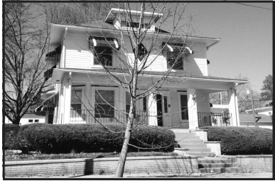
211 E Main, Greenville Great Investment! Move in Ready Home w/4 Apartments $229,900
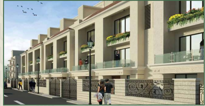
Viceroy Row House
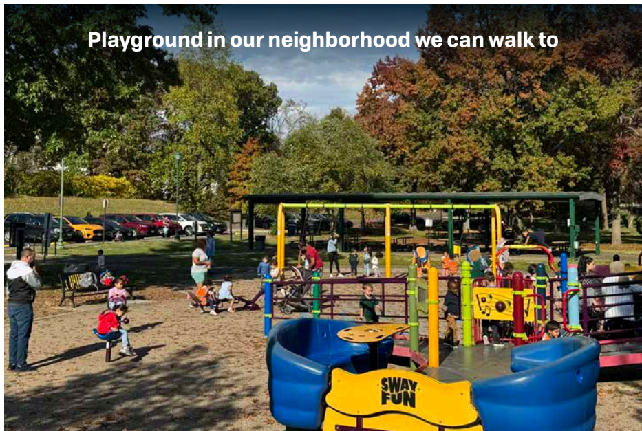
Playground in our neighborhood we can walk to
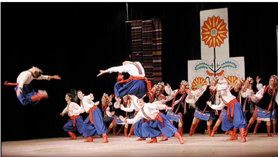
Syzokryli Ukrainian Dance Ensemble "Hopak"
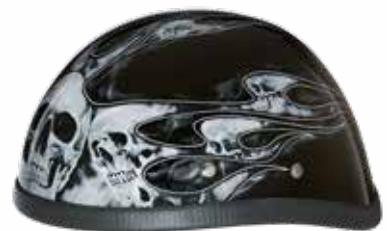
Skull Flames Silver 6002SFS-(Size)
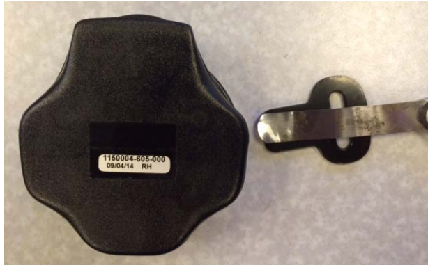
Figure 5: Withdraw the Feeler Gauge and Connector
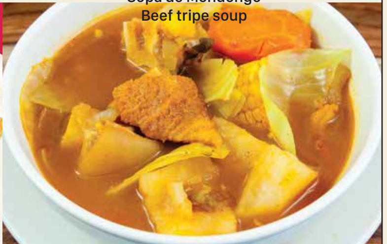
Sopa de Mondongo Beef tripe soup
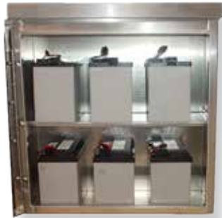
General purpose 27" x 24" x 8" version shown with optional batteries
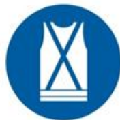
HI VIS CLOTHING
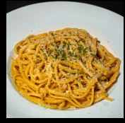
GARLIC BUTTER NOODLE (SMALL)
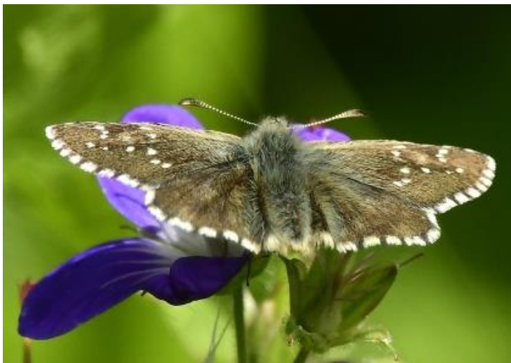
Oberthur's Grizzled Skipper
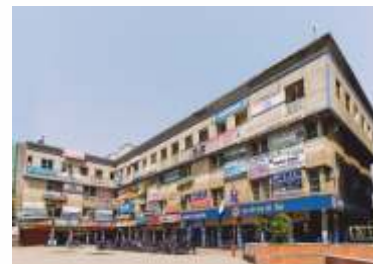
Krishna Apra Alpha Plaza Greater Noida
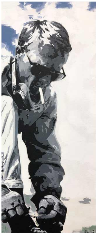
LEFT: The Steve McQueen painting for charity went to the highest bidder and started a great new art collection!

▶ [Your objective]
Extract only the lines from the line containing "Skull Flames Silver 6002SFS-(Size)" through the final line of the records; keep both ends and drop every picture.

▶ [Problem solution]
Skull Flames Silver 6002SFS-(Size)
Figure 5: Withdraw the Feeler Gauge and Connector
Sopa de Mondongo Beef tripe soup
General purpose 27" x 24" x 8" version shown with optional batteries
HI VIS CLOTHING
GARLIC BUTTER NOODLE (SMALL)
Oberthur's Grizzled Skipper
Krishna Apra Alpha Plaza Greater Noida
LEFT: The Steve McQueen painting for charity went to the highest bidder and started a great new art collection!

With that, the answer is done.